Thermal issues with SC1435 servers??

Cris Rhea crhea at mayo.edu
Mon Apr 19 13:56:21 CDT 2010


I have a bunch (~50) SC1435 servers as part of an HPC cluster.

Over the last several weeks, I'll come to work in the morning to find one
of them dead from either a "CPUx thermal tripped" or "CPUx voltage sensor" 
problem.  I'll have to power them back on (or sometimes, unplug them before
the power button will work) and view the SEL to see what happened (nothing 
in the Linux system logs).  Once powered back on, they boot/run normally.

I've had this happen across 9 different machines, so I'm thinking this
is not just a simple case of flakey hardware. 

Running CentOS 5 as part of an HPC environment. The cluster jobs push 
the CPUs, so these machines run hot.
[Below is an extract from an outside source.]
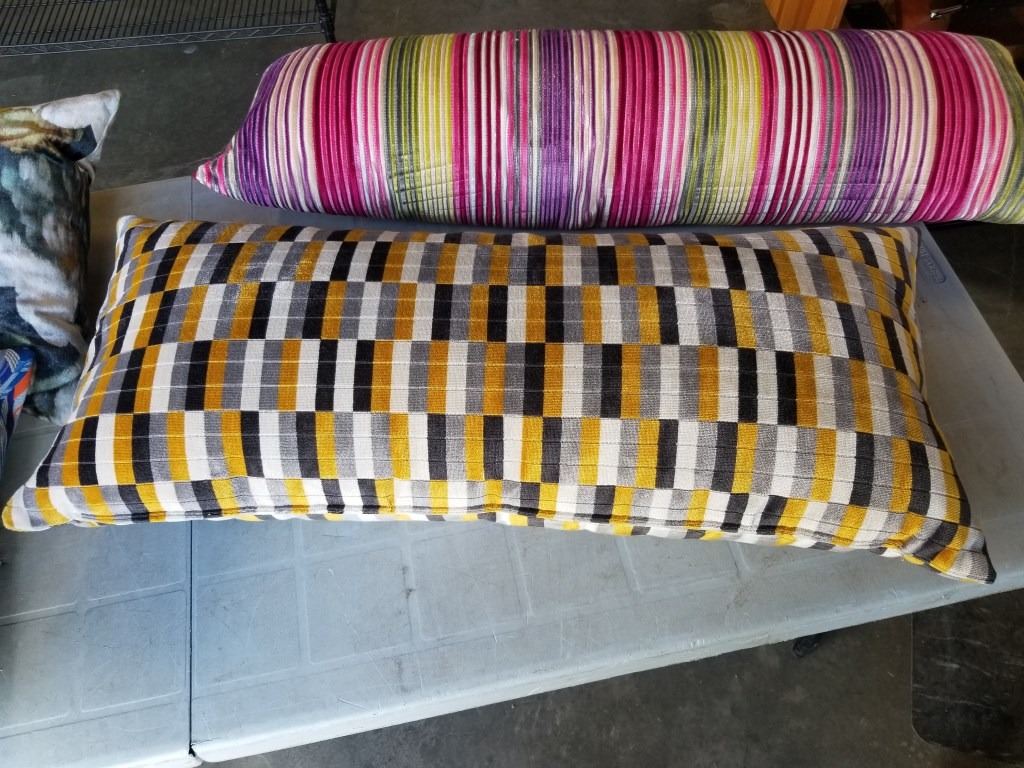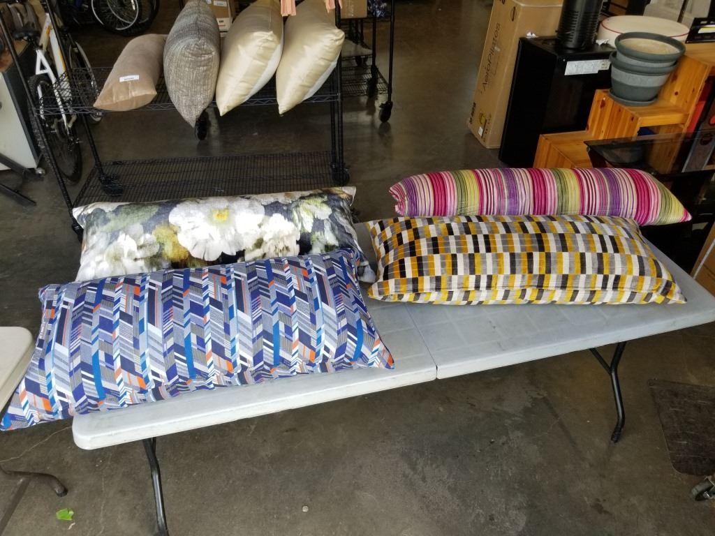 4 DECORATIVE PILLOWS - APPROX 3 FOOT LONG

These failures are getting old as 
they crash the jobs on them at the time of the BIOS-induced "power off". 

I've asked my technical/sales guy to look into this to see if there was 
perhaps a bad batch of boards, but he can't find anything.
I emailed a ticket to Dell, but they want me to call their HPC group
(not thrilled with the prospect of staying on the phone for hours while
someone tells me to load/run "dset" on all my nodes...)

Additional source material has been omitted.